Although officially termed the Huntsman Spider, this incredibly large arachnid is often called a banana spider because that is how it has often been brought into the U.S.—in crates of bananas. Because of its size and the way its long, hairy legs point forward, it is also sometimes called a giant crab spider.
This Huntsman Spider is thought to have originated in Australia, and though it is not native to the U.S., it has become established in some southern, subtropical areas of the country. It is still not overly common to most of the U.S., but it may be found virtually anywhere that bananas—or other imports—have been shipped.
A Spider of the South
In southern states, such as Florida, Texas, and California, this spider has adapted to its new land with populations becoming quite common in some areas, especially in avocado groves. According to a University of Florida fact sheet, the spider cannot survive freezing temperatures, so it is less likely to breed in the northern states, unless it is able to become established indoors, especially in greenhouses or other heated buildings.
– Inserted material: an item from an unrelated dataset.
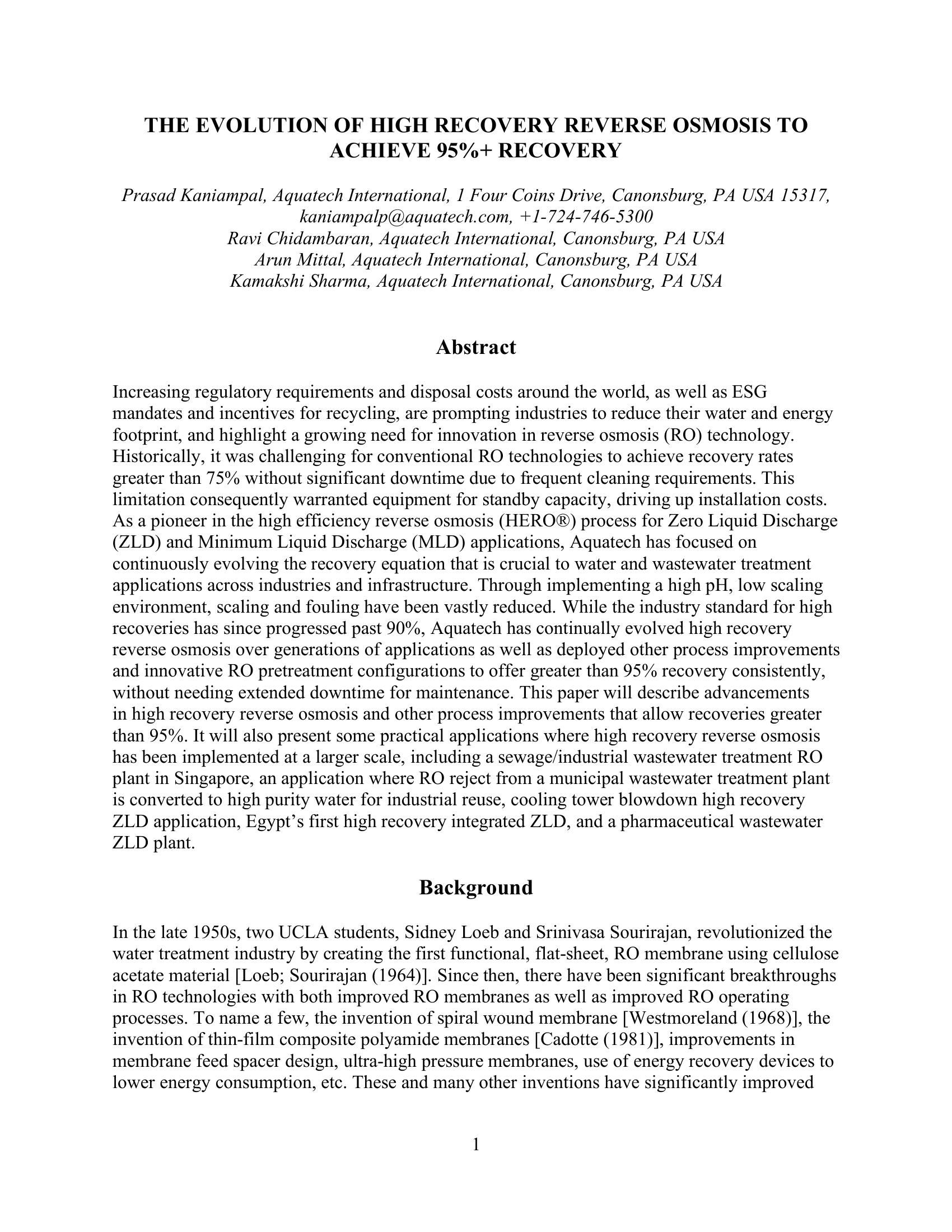 Increasing regulatory requirements and disposal costs around the world, as well as ESG mandates and incentives for recycling, are prompting industries to reduce their water and energy footprint, and highlight a growing need for innovation in reverse osmosis (RO) technology. Historically, it was challenging for conventional RO technologies to achieve recovery rates greater than 75% without significant downtime due to frequent cleaning requirements. This limitation consequently warranted equipment for standby capacity, driving up installation costs. As a pioneer in the high efficiency reverse osmosis (HEROÆ) process for Zero Liquid Discharge (ZLD) and Minimum Liquid Discharge (MLD) applications, Aquatech has focused on continuously evolving the recovery equation that is crucial to water and wastewater treatment applications across industries and infrastructure. Through implementing a high pH, low scaling environment, scaling and fouling have been vastly reduced. While the industry standard for high recoveries has since progressed past 90%, Aquatech has continually evolved high recovery reverse osmosis over generations of applications as well as deployed other process improvements and innovative RO pretreatment configurations to offer greater than 95% recovery consistently, without needing extended downtime for maintenance. This paper will describe advancements in high recovery reverse osmosis and other process improvements that allow recoveries greater than 95%. It will also present some practical applications where high recovery reverse osmosis has been implemented at a larger scale, including a sewage/industrial wastewater treatment RO plant in Singapore, an application where RO reject from a municipal wastewater treatment plant is converted to high purity water for industrial reuse, cooling tower blowdown high recovery ZLD application, Egyptís first high recovery integrated ZLD, and a pharmaceutical wastewater ZLD plant.

In its native land of Australia, there are almost 100 described species of Huntsman spiders, with some often being confused with tarantulas because of their large size. It is often found living outdoors beneath rocks, logs, and other ground debris, as well as behind the bark of trees. In both Australia and the U.S., it is not uncommon for the huntsman spider to enter automobiles for shelter, hiding behind sun visors, inside dashboards, etc.—then suddenly emerging to startle drivers and occupants.
About the Huntsman Spider
The body of the Huntsman spider is large and flat, about 1 inch in size. Additionally, its:
- Legs are long, up to 3 to 5 inches long.
- The coloring is a brown, fairly solid color with little patterning (with variation among species).
- The variation between sexes means that the female spider has a larger body, but the male has longer legs.
- Personality is shy, with a tendency to avoid human interaction.
The bite of the Huntsman spider can be painful, but it is not poisonous. However because this spider is sometimes confused with the armed spider of Brazil or the large brown recluse, both of which do have a deadly bite, the Huntsman is sometimes thought to be dangerous.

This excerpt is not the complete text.